§ **Raw data**
-- -- --

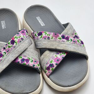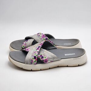 Skechers Go Walk Flex Gray Multi Blossom Slide Sandals Size 10
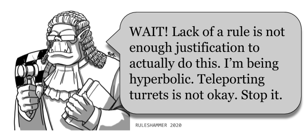 In this week’s edition of thinking way too hard about the rules, the gang discover that turrets don’t even exist and have been a shared hallucination all along.- James “One_Wing” Grover
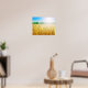Este poster apresenta uma impressão fotográfica de um belo campo de trigo com raios solares. Personalizar este item ou comprar como está. imagem de estoque www.freepik.com
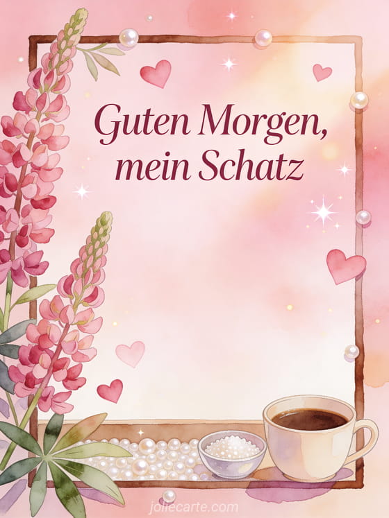 Teile einen liebevollen Morgengedanken mit dieser Aquarellkarte, mit einer Kaffeetasse, einer kleinen Schale Perlzucker, Lupinenblüten und zarten Herzformen in sanftem Licht. Entdecke auch kostenloses Guten Morgen Kaffee Bild, Morgenkaffee Guten Morgen oder Kaffee Guten Morgen Kaffee animiertes GIF.
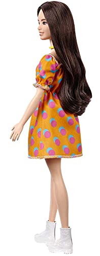 Barbie GRB52 – Fashionistas Puppe im schulterfreien Polka-Dot Kleid, Spielzeug für Kinder von 3 bis 8 Jahren
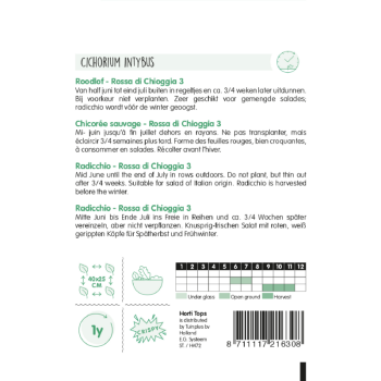 Charakteristika: Čakanka ´Rossa di Chioggia´ je listová zelenina talianského pôvodu, ktorá vytvára purpurovo-červené hlavy krehkých listov s vynikajúcou, mierne ostrou chuťou. Využíva sa na prípravu čerstvých šalátov či polievok. Listy sú tiež vhodné na pečenie alebo grilovanie.

-- -- --

§ **What the task requires**
All that should be printed is the lines from the one containing "Teile einen liebevollen" through the last line of the material above, both ends included, exactly as they stand; please skip the pictures.

§ **Task response**
 Teile einen liebevollen Morgengedanken mit dieser Aquarellkarte, mit einer Kaffeetasse, einer kleinen Schale Perlzucker, Lupinenblüten und zarten Herzformen in sanftem Licht. Entdecke auch kostenloses Guten Morgen Kaffee Bild, Morgenkaffee Guten Morgen oder Kaffee Guten Morgen Kaffee animiertes GIF.
 Barbie GRB52 – Fashionistas Puppe im schulterfreien Polka-Dot Kleid, Spielzeug für Kinder von 3 bis 8 Jahren
 Charakteristika: Čakanka ´Rossa di Chioggia´ je listová zelenina talianského pôvodu, ktorá vytvára purpurovo-červené hlavy krehkých listov s vynikajúcou, mierne ostrou chuťou. Využíva sa na prípravu čerstvých šalátov či polievok. Listy sú tiež vhodné na pečenie alebo grilovanie.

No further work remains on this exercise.